Lou: At the beginning, he at least superficially improved America's image abroad, especially in the EU. Obama's election reinstated romantic confidence among left-wing Europeans that America is still a land of liberty, opportunity, and hope. But in reality, the US is increasingly isolated. I think Obama's Middle East policies unintentionally play dangerously, if unintentionally, into the ambitions of Iran, and may drag Israel to the brink of annihilation.

At home, his election brought new energy into the political realm for a short time, but since then gridlock has only worsened. These days, no matter who's in the White House, half the country hates him. Bankrupt state and local governments are taxing the middle classes over the brink of insolvency, while too many politicians behave like they were elected to a Roman bacchanalia, instead of public service. Welcome to the late empire. And to quote baseball's great sage, Yogi Berra, "It's getting late early."

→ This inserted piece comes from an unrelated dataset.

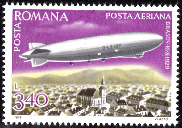 Aus Rumänien kommt diese Marke (MiNr 3503), die LZ 127 während der Balkanfahrt über Brașov zeigt.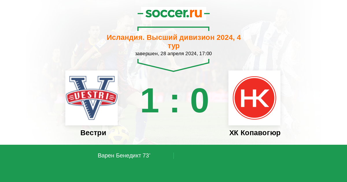 Вестри - ХК Копавогюр: обзор матча 28 апреля 2024

Tom: Like a true philosopher, it sounds like you're redirecting us away from the promise of large-scale political solutions to our problems and more toward understanding the impact of the inner lives and values of all the citizens who make up our nation. Your comments so far seem to imply our need for a revival of nothing less than wisdom and virtue from the grassroots up, and especially in the higher echelons of leadership, whether political or corporate. We have, after all, nearly exhausted all possible versions of the "Big Boys Behaving Badly" scenarios at the top that have dominated our news in their most trivial incarnations and, in their economic variants, gotten us as a nation into so much trouble.

I want to explore this a bit more and continue our conversation, but for now, let's take a break and finish up in a second installment of time together.

Lou: Good idea. You've recently done interviews here on coffee and philosophy, and on beer and philosophy. One way or the other, I think a nice refreshment beverage and a break would work.